Por una coincidencia curiosa,
ninguno en absoluto
era exactamente el recelo que el descendiente de los simios llamado Arthur Dent abrigaba de que uno de sus amigos más íntimos no descendiera de un mono, sino que en realidad procediese de un pequeño planeta próximo a Betelgeuse, y no de Guilford, como él afirmaba.
Eso jamás lo había sospechado Arthur Dent.
Su amigo había llegado por primera vez al planeta Tierra unos quince años antes, y había trabajado mucho para adaptarse a la sociedad terrestre; y con cierto éxito, habría que añadir. Por ejemplo, se había pasado esos quince años fingiendo ser un actor sin trabajo, cosa bastante plausible.

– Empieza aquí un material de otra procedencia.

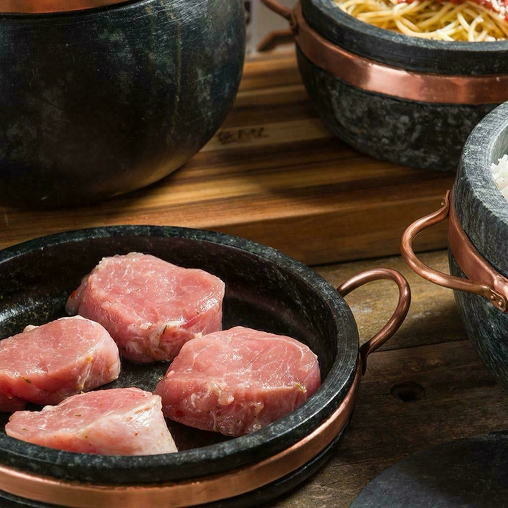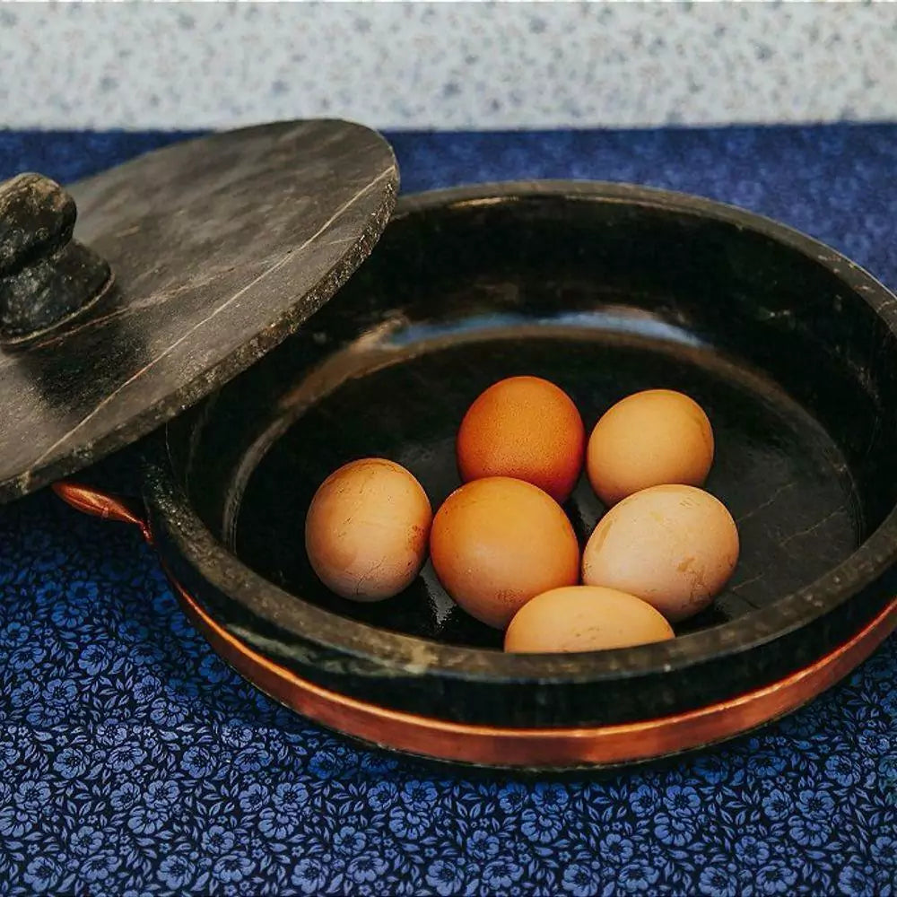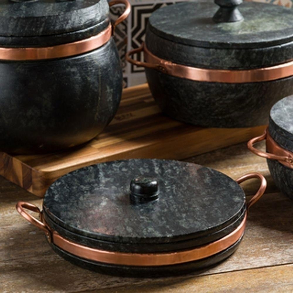 - Material: Pedra sabão e cobre (alças).
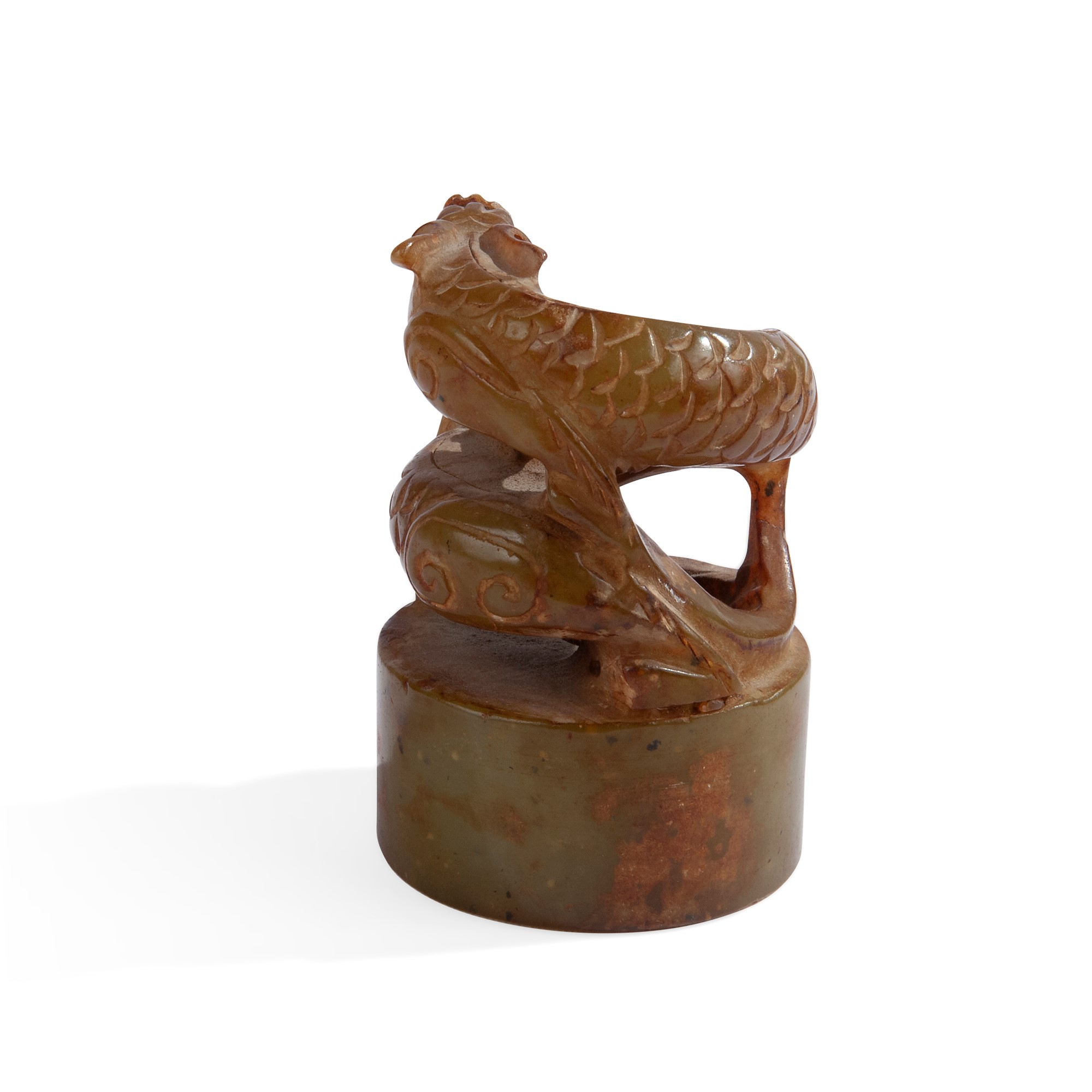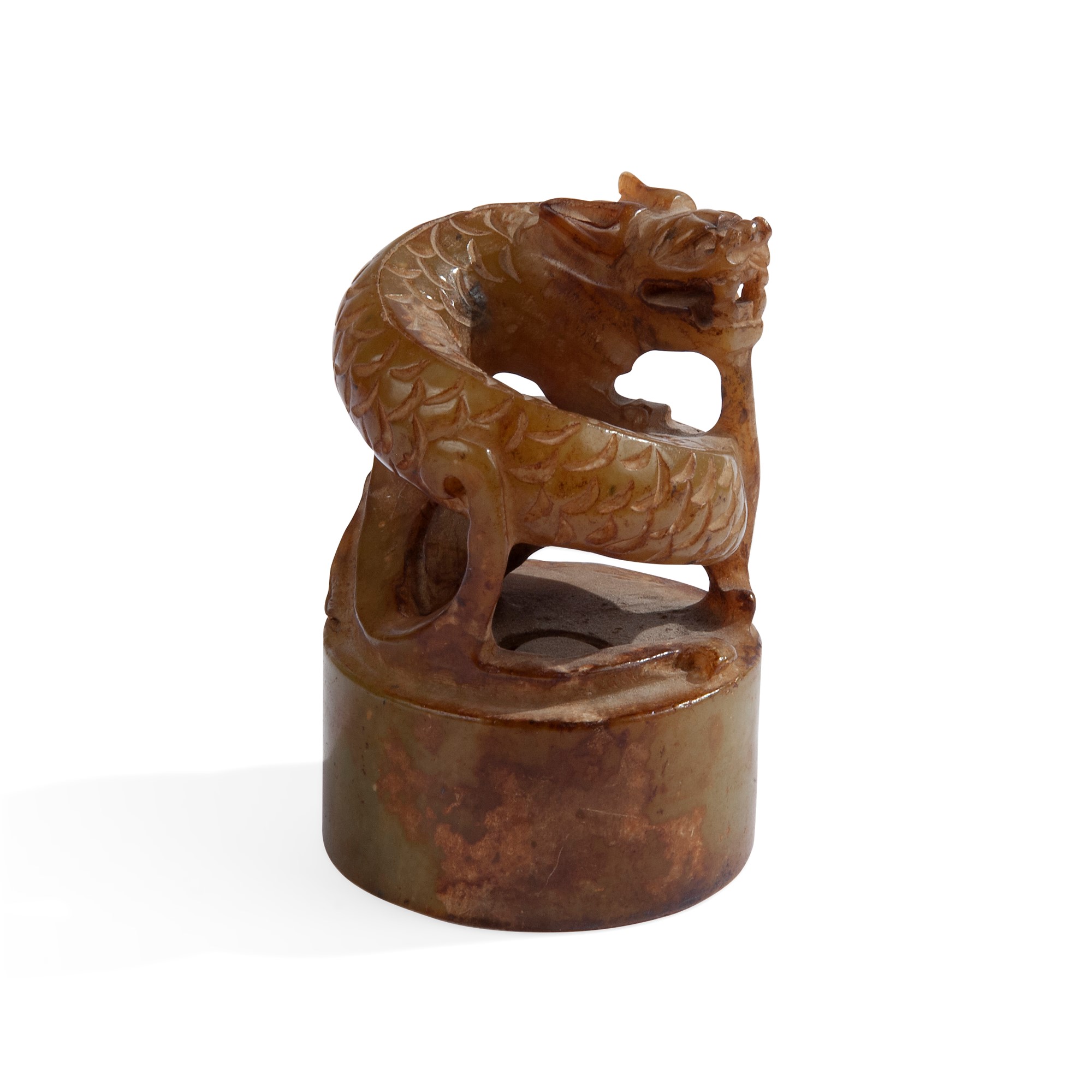 Sigillo in nefrite, Cina, XX secolo di forma circolare sormontato da un drago intagliato, cm 8x5,5

Pero, por descuido, había cometido un error al quedarse un poco corto en sus investigaciones preparatorias. La información que había obtenido le llevó a escoger el nombre de «Ford Prefect» en la creencia de que era muy poco llamativo.
No era exageradamente alto, y sus facciones podían ser impresionantes pero no muy atractivas. Tenía el pelo rojo y fuerte, y se lo peinaba hacia atrás desde las sienes. Parecía que le habían estirado la piel desde la nariz hacia atrás. Había algo raro en su aspecto, pero resultaba difícil determinar qué era. Quizá consistiese en que no parecía parpadear con la frecuencia suficiente, y cuando le hablaban durante cierto tiempo, los ojos de su interlocutor empezaban a lagrimear. O tal vez fuese que sonreía con muy poca delicadeza y le daba a la gente la enervante impresión de que estaba a punto de saltarles al cuello.
A la mayoría de los amigos que había hecho en la Tierra les parecía una persona excéntrica, pero inofensiva; un bebedor turbulento con algunos hábitos extraños. Por ejemplo, solía irrumpir sin que lo invitaran en fiestas universitarias, donde se emborrachaba de mala manera y empezaba a burlarse de cualquier astrofísico que pudiera encontrar hasta que lo echaban a la calle.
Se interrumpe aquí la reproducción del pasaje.